Türkiye, kendi özel şartlarını (gelişmekte olan ülkeler statüsüne
girerek, kendisine finans ve teknoloji transferinin yapılması) zirve
sonunda ortaya çıkacak ‘final dokümanı’ için hazırlanan taslak metne yazdırmayı
başardı. Türkiye adına kapalı görüşmelere katılan Büyükelçi
Mithat Rende, “Konferans Başkanı Connie Hedegaard’la yapılan görüşmede
derdimizi anlattık. Buradan bağlayıcı bir belge de ortaya çıkmayacağına göre,
Türkiye’nin bir rakam telaffuz etmesine gerek yok” dedi.
‘Hopenhagen’ işe yaramadı
Kentin İngilizce adı
‘Copenhagen’, Çevreciler İngilizce’de ‘umut’ anlamanı gelen ‘Hope’

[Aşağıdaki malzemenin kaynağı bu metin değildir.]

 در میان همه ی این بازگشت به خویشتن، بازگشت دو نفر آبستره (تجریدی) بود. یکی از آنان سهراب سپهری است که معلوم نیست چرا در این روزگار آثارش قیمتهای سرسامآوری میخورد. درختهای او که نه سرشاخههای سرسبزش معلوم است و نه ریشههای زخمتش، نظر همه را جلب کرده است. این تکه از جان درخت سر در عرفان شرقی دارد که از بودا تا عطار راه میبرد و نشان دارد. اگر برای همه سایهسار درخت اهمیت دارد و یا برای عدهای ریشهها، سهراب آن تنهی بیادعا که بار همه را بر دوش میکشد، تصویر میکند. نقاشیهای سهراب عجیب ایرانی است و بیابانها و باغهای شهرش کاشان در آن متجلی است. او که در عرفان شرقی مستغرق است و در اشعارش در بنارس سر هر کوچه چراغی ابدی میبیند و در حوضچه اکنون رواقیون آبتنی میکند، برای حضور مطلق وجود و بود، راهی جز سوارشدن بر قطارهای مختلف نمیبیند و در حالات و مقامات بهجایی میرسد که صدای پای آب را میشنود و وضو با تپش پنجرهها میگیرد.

kelimesiyle küçük bir oynama yaparak kentin duvarlarını ‘Hopenhagen’ adıyla
donatmış, isim zirvenin sloganı haline gelmişti. Ancak zirvede sona
yaklaşılırken bu umutlar iyice tükendi. Konferans sonunda
hukuki bağlayıcı bir metin yerine siyasi içerikte bir belge
hazırlanacağına kesin gözüyle bakılıyor. Bu da şöyle yorumlanıyor: ‘Ey
dünyanın 192 ülkesi! Bu metni iyi oku. Tanı. Düşün. Seneye görüştüğümüzde hukuki
bir anlaşma imzalayalım.’ Bir sonraki COP16 - Taraflar Toplantısı -
2010’da Meksika’da yapılacak.
Kopenhag’daki Türk heyeti, iki
haftalık iklim zirvesinde birçok toplantıya katıldı. Kapalı kapılar ardından
azarlıklarda bulundu, derdini anlattı. Ve sonuçta hazırlanan ‘taslak metinde’

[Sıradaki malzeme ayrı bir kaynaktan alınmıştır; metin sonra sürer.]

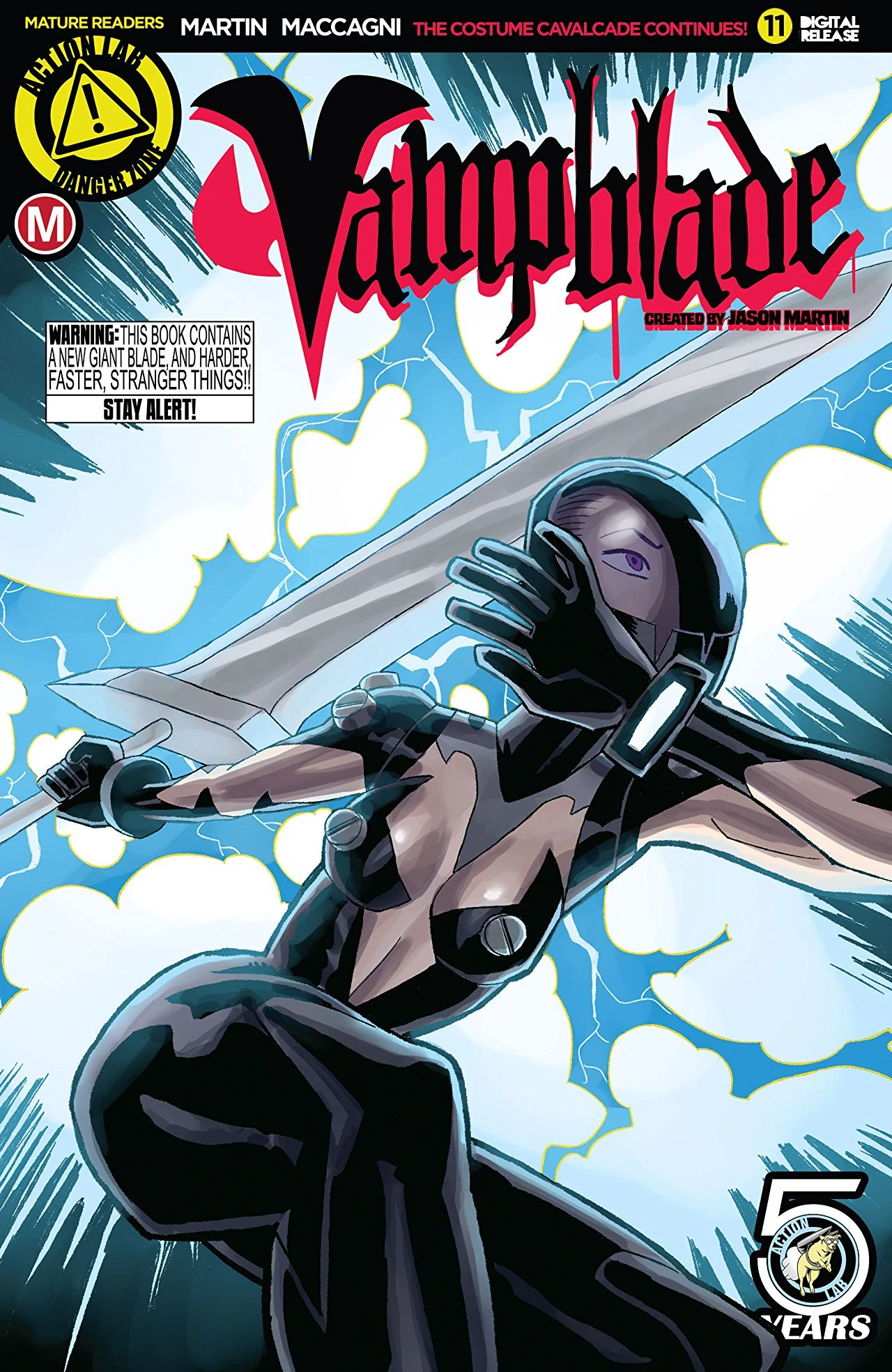 "Vampblade" is the untitled eleventh issue to the first Vampblade ongoing comic book series published by Action Lab Comics under their Danger Zone imprint. The story was written by Jason Martin with artwork and inks by Marco Maccagni. It was colored by Daniel Arruda Massa and lettered by Adam Wollet. The story was edited by Nicole D'Andria. This issue shipped with a December, 2016 cover date and carries a cover price of $3.99 per copy (US).

Türkiye istediği yazdırdı. Eğer umut edilen olur da, yeni bir protokol
taslak metne göre hazırlanırsa, Türkiye istediği özel şartları garanti altına
almış olacak.
Taslak metinde ‘pazar ekonomisine geçiş
sürecindeki ülkelerin özel ulusal şartlarının tanındığı’na dair bir ifade
geçiyor. Türkiye’nin bu özel şartları şöyle: ‘Gelişmekte olan ülkeler sınıfında
yer alarak, sürecin getirilerinden faydalanıp, finansal ve teknoloji desteği
almak, tüm bunları yaparken de herhangi bir taahhüt altına girmemek.’

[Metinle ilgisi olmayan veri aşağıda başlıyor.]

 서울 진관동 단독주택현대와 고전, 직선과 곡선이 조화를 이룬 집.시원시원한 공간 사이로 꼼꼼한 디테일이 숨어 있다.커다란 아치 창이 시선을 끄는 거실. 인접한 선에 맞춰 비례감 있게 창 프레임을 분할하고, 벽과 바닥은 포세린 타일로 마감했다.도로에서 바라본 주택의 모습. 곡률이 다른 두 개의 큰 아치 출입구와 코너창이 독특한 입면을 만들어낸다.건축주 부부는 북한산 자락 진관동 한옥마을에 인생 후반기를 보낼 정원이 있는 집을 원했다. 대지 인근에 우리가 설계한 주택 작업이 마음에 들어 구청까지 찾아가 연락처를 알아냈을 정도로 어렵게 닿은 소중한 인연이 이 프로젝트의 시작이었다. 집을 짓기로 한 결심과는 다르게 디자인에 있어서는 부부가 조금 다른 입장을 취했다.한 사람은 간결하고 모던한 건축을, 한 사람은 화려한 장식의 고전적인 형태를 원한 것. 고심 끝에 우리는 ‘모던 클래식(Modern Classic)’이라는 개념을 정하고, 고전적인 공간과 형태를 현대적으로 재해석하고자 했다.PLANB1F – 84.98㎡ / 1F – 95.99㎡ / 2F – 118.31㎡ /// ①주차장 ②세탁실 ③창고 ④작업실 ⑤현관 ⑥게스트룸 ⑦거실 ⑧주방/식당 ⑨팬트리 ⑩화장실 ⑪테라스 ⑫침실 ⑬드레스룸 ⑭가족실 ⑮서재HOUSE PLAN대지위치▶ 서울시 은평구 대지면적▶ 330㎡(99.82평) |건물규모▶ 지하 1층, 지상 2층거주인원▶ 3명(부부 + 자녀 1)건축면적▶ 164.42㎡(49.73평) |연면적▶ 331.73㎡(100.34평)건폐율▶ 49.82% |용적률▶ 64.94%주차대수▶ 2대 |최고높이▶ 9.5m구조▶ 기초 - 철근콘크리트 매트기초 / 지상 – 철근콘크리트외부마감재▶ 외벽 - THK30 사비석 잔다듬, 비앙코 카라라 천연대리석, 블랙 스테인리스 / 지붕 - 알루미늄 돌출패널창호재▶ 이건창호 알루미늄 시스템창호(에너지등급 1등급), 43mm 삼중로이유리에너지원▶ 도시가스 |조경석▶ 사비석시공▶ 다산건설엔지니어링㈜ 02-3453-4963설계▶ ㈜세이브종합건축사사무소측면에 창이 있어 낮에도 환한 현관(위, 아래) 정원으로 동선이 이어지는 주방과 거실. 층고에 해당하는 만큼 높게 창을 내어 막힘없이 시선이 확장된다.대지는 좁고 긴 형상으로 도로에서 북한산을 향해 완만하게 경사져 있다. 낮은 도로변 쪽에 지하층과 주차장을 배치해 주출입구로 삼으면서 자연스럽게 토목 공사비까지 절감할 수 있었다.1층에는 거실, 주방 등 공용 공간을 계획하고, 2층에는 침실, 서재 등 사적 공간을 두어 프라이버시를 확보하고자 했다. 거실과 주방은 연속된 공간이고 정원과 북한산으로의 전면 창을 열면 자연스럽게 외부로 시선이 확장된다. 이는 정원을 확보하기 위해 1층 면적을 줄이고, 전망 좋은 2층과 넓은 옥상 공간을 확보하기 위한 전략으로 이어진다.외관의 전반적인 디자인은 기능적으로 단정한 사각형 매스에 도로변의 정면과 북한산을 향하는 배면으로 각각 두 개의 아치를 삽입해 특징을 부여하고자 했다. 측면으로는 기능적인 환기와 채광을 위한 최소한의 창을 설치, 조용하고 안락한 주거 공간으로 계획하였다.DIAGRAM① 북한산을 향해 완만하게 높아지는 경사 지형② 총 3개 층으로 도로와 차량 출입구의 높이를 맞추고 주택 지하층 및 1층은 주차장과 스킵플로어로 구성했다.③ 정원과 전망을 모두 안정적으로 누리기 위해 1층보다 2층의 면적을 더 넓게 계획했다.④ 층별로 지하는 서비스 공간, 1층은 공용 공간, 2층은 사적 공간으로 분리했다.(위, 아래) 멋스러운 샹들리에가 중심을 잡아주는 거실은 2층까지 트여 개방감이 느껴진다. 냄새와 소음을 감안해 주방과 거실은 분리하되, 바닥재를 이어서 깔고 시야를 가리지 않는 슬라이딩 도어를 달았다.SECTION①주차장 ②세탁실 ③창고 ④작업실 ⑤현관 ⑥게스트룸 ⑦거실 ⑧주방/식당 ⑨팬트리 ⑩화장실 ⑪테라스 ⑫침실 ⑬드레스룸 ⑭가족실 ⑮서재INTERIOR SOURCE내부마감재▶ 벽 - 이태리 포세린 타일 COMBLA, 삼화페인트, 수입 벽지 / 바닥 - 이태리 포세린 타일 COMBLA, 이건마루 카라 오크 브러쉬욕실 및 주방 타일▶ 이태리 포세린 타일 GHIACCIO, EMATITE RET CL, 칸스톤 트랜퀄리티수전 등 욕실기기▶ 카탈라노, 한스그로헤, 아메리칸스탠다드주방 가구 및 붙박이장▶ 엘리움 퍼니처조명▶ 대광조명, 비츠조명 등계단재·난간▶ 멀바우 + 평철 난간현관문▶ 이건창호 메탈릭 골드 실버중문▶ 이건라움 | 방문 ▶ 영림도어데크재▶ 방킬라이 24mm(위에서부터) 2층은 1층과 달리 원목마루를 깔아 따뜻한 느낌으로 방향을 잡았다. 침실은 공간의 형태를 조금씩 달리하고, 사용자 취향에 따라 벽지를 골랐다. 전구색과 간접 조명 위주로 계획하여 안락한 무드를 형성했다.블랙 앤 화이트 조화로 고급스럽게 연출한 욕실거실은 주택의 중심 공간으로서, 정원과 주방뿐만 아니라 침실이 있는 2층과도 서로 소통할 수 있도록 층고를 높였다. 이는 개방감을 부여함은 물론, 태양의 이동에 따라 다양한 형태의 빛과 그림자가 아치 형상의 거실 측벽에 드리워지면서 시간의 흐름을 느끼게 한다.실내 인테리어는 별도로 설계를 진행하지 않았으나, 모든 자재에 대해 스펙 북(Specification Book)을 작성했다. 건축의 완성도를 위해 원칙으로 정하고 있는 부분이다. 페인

Türkiye’de çevreciler, Türkiye’nin karbon salımı konusunda mutlaka bir
azaltım yapması gerektiğini söyleyerek ‘İklimle Değişiklik Strateji
Belgesi’ni eleştirmişti. Çevre Bakanı Bakan Veysel
Eroğlu ise hedef indirimi konusunda son sözlerini 17’sinde
söyleyeceklerini bildirmişti.
Rakam söylemeye gerek
yok
Dışişleri Bakanlığı’ndan merkez Büyükelçisi Mithat
Rende, Türkiye’nin zirve sürecini şöyle anlattı: “Ayın 15’inde
zirvede tıkanma yaşandı. Kriz, ABD, Çin ve Hindistan gibi büyük ekonomilerin
ciddi taahhüt altına girmek istememesinden kaynaklandı. Gelişmekte olan
ülkelerse en çok kirletici olan ABD’nin hukuki bağlayıcılığı olan bir taahhüde
girmesini istiyor. Aynı zamanda gelişmekte olan ülkeler, iklim değişikliğinde
tarihi sorumluluğu olan ülkelerin kendilerine para ve teknoloji transferi
yapmalarını istiyor. Çok farklı çıkarlar söz konusu. Tüm bunların bir
konferansta ortak paydada buluşması çok güç.”